Reputed brokerage firm Yes Securities suggests investors on buying the stocks of Ashok Leyland (AL), a leading player in the Indian automobile sector. The company's revenue grew ~25% YoY/58% QoQ at Rs. 87.4b, led by ~11% YoY/43% QoQ growth in volumes.
Target Price, CMP, and company performance
The Current Market Price (CMP) of Ashok Leyland (AL) is Rs. 130. Yes Securities has estimated a Target Price for the stock at Rs. 163. Stock is anticipated to give a 25% return, in 1 year.
|Current Market Price (CMP)||Rs. 130|
|Target Price||Rs. 163|
|1 year return||25.00%|
Ashok Leyland (AL) reported strong results led by ~8% QoQ growth in realizations at Rs. 1.79b. This was driven by a higher MHCV volume mix at ~66% (v/s ~57% in 3QFY22) and price hikes (~2‐3% in 4Q). This coupled with op leverage and significant cost control led EBITDA margins ~11 quarters high at 8.9% (+480bp QoQ). ASP grew ~13% YoY/10.5% QoQ at Rs. 1.79m. Gross margins contracted ~30bp QoQ at 21.8% (‐30bp QoQ, in‐line). However, employee cost of Rs. 4.4b and other exp of Rs. 6.9b were lower led by cost control initiatives. This led EBITDA growth of 45% YoY/247% QoQ at Rs. 7.76b.
Benefits of the Stock: Yes Securities
According to Yes Securities, "Going forward, with strong volume recovery in MHCVs (~31% CAGR over FY22‐24), visible recovery in bus segment (AL being the market leader), improving product mix (growth in defense, exports and LCVs) should help AL's profitability in the near to mid term. This will be further aided by increased price retention (net pricing less of discounts) given positive fleet sentiments."
The company's fleet age all time high at 9.9 years indicating healthy replacement demand likely. Increasing fleet utilization is helping overall cash flows for transporters. Led by better op performance coupled with lower tax at Rs. 9.7%, Adj. PAT beat came in at Rs. 4.76b. Exceptional gains of Rs. 4.7b is an attributable largely towards‐impairment reversal of Rs. 5.4b of equity in subsidies and loss of fair value of the investment at Rs. 1.1b. Market share in 4QFY22 stood at 30.6% (v/s 28.9% in 4QFY21 and 25.3% in 3QFY22), while market share in April'22 stood at ~30% (v/s ~29% in April'21).
The firm added, "Discounts are at slightly elevated level. Retention of price increases in AL has been very good. If price hike is of 2% then AL is able to retain 1.7%."

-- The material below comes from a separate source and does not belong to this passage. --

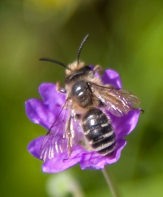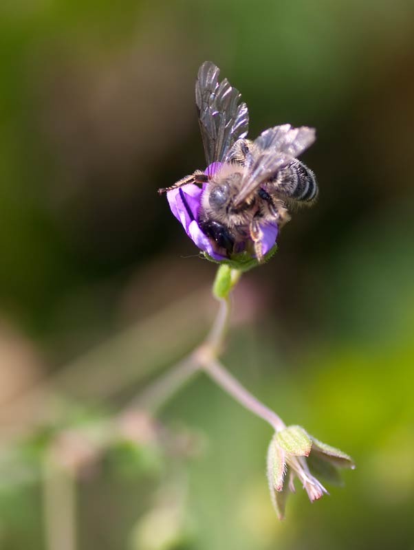 Sandbiene (Andrena flavipes) auf einem Storchschnabel (Berg-Storchschnabel?) ...mehr über unsere → Wildbienen im Glemstal → Storchschnabelgewächse im Glemstal → Naturdenkmal "Heimberg" |

About the company: Ashok Leyland (AL)
Ashok Leyland, flagship of the Hinduja group, is the 2nd largest manufacturer of commercial vehicles in India, and the 4th largest manufacturer of buses globally. A US $ 4.5 billion company, and a footprint that extends across 50 countries, Ashok Leyland is one of the most fully integrated manufacturing companies on this side of the globe. Ashok Leyland has a product range from 1T GVW (Gross Vehicle Weight) to 55T GTW (Gross Trailer Weight) in trucks. Customizing trucks to customer needs has now become a reality with the revolutionary industry's first truly modular trucks - AVTR.
Capex guidance of Rs5‐6b in FY23 (v/s ~4b in FY22). Focusing on expanding the LCV portfolio which might require additional investments. AL would be ready to invest further in Switch if required. On the financing front, deals are happening more for large fleet operators as FTBs are more prone to default. Believe consolidation to happen in fleet business which shall benefit AL.
The above stock was picked from the brokerage report of Yes Securities. Investing in equities poses a risk of financial losses. Investors must therefore exercise due caution. Greynium Information Technologies, the author, and the brokerage house are not liable for any losses caused as a result of decisions based on the article.